А милостивый государь все расспрашивал ее, что она думает о чрезвычайно модной ныне свободной любви, в защиту которой высказывается так много людей, лишенных предрассудков.
Амалия ненавидела, когда ее пытались вогнать в краску. Кстати сказать, о свободной любви
– Запомни, моя дорогая: никакой свободы в любви не бывает!
В самом деле, не зря же поэты на все лады величают любовь «пленом», «рабством» и «неволей нежной», не забывая, впрочем, прибавить, что она «свободы сладостной милее и дороже» и что они, поэты, ни за что не променяют ее на тоску постылых будней. Однако дерзкий Верещагин вряд ли имел в виду данный аспект величайшего в мире чувства.
– Ах, Амалия Константиновна, – вздыхал он, нежно прижимая к себе руку девушки, – вы – чистый бриллиант, и подумать только, никто этого не ценит!
«Однако, – думала Амалия, не переставая улыбаться. – А вы, сударь, тонкая бестия, как говорит мой дядюшка Казимир… очень тонкая… а по виду даже не скажешь…»
– Такая девушка, как вы, – гнул свое журналист, – могла бы составить счастье любого! И даже вашего покорного слуги.
– В самом деле? – пролепетал бриллиант (чистейшей воды), глядя на журналиста карими признательными глазами, в глубине которых нет-нет да вспыхивали золотые искорки. – Каким же образом?
Емеля-пустомеля вновь пустился в подробные объяснения.
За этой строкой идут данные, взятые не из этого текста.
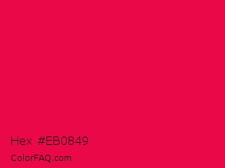 Hex #eb0849 Color is a normal rose color and the nearest color is Red Ribbon #ed0a3f. Hex code #eb0849 and RGB value is rgb(235,8,73). In RGB color space, this color is composed of 92% red, 3% green, 29% blue, In CMYK color space, this color is composed of 0% cyan, 97% magenta, 69% yellow , 8% black , In HSL color space, this color has a hue angle of 343° , 93% saturation and 48% lightness.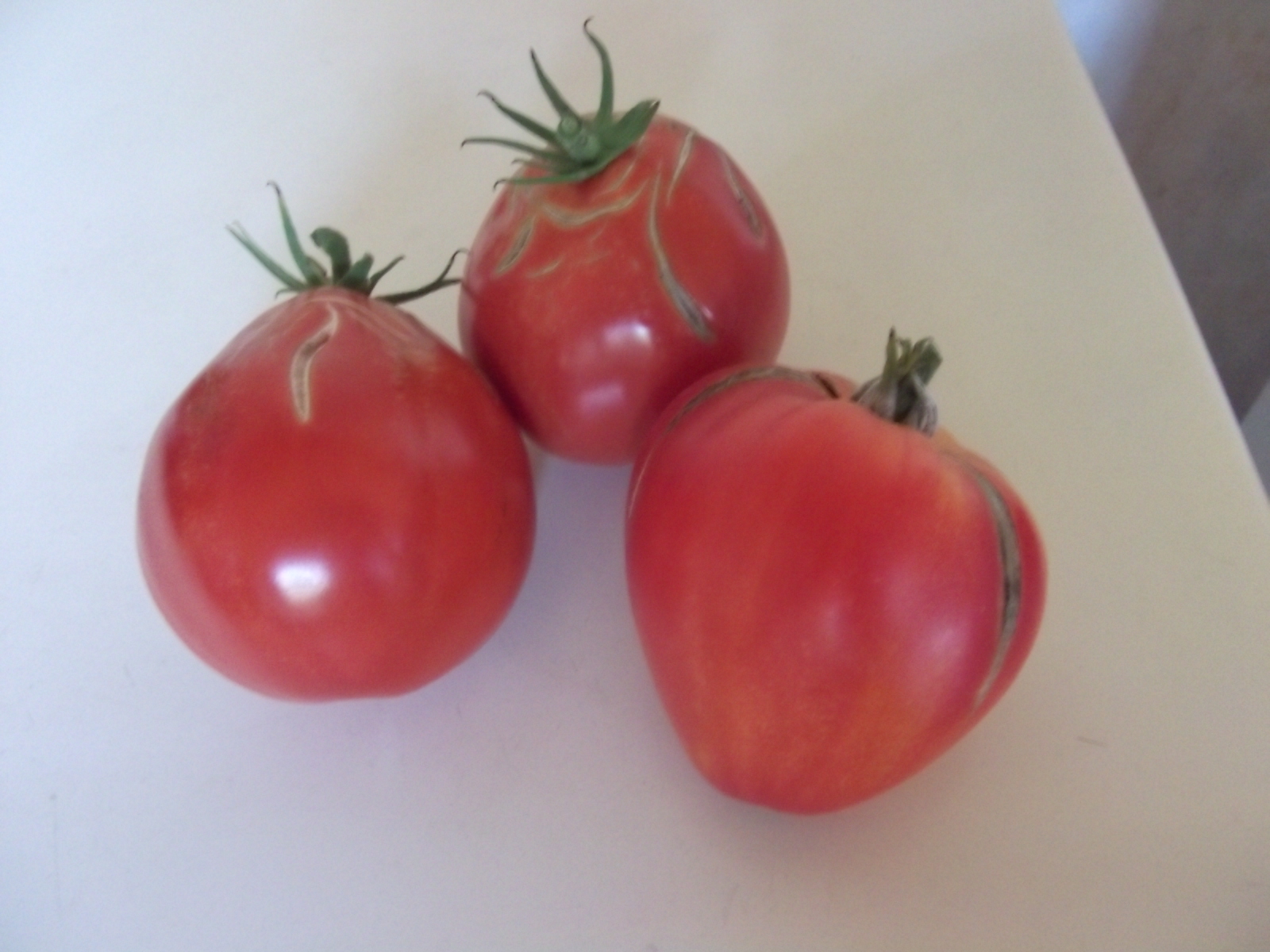 Petite récolte de tomates. Deux Liguria et une Anna Russian. 750 grs en tout.

Любовь, мол, есть союз двух сердец, основанный на взаимном влечении, и ей ни к чему гадкие брачные узы, которые все только портят. Свадьба, дескать, всего-навсего веселое предисловие к роману ужасов, каким является любая семейная жизнь, в то время как любовь…
– Ах, Эмиль, – проворковала Амалия, – я начинаю вас бояться! Вы столько всего знаете о браке и семейной жизни… Наверное, у вас было больше жен, чем у Синей Бороды!
– Я, собственно, еще не был женат, – пробормотал сбитый с толку журналист.
– Ну надо же! – воскликнула Амалия. – Вы так уверенно об этом рассуждали… Я-то поверила, что вы настоящий знаток! Как же вы меня разочаровали!
– Неслыханно! – кипятился Емеля после этого разговора. – Просто неслыханно! А я-то верил, она приличная барышня!
Верить-то, может, и верил, да надеялся, видно, на обратное…
Амалия танцевала весь вечер – с Орестом, Гришей, Зимородковым, Митей, с хозяином бала, с художником и графом Евгением. Она чувствовала себя в ударе, ей было хорошо, как никогда. Обруч, сжимавший ей сердце в последние дни, распался и больше не давал знать о себе. Нет никакого одержимого, господа, не было никаких отравлений, никаких покушений! Все – вздор, вздор, вздор! Есть только музыка, и я, и танец…
– Elle est tr`es jolie[50], – сказала Изабелла Олонецкая Карелину, глядя на кружащуюся в вальсе Амалию.
– Oh, oui[51], – согласился тот.
Через два дня Емелю проводили на вокзал в Николаевске. Саша Зимородков должен был уехать через полторы недели.
– Все нас покидают, – жаловалась Муся.
За обедом в Ясеневе собралась привычная компания. Кроме девушек, были Митя-литератор, Гриша, Никита, граф Евгений, Орест, Алеша Ромашкин и следователь, который после памятного поражения стал еще молчаливее, чем обычно. Помимо них, за столом присутствовал важный Иван Петрович Орлов, отец Муси, художник Митрофанов, недавно окончательно завершивший портрет, доктор Телегин и судебный следователь фон Борн. Это был бесцветный молодой человек со светлыми, слегка рыжеватыми волосами, такими же усами и белесыми ресницами.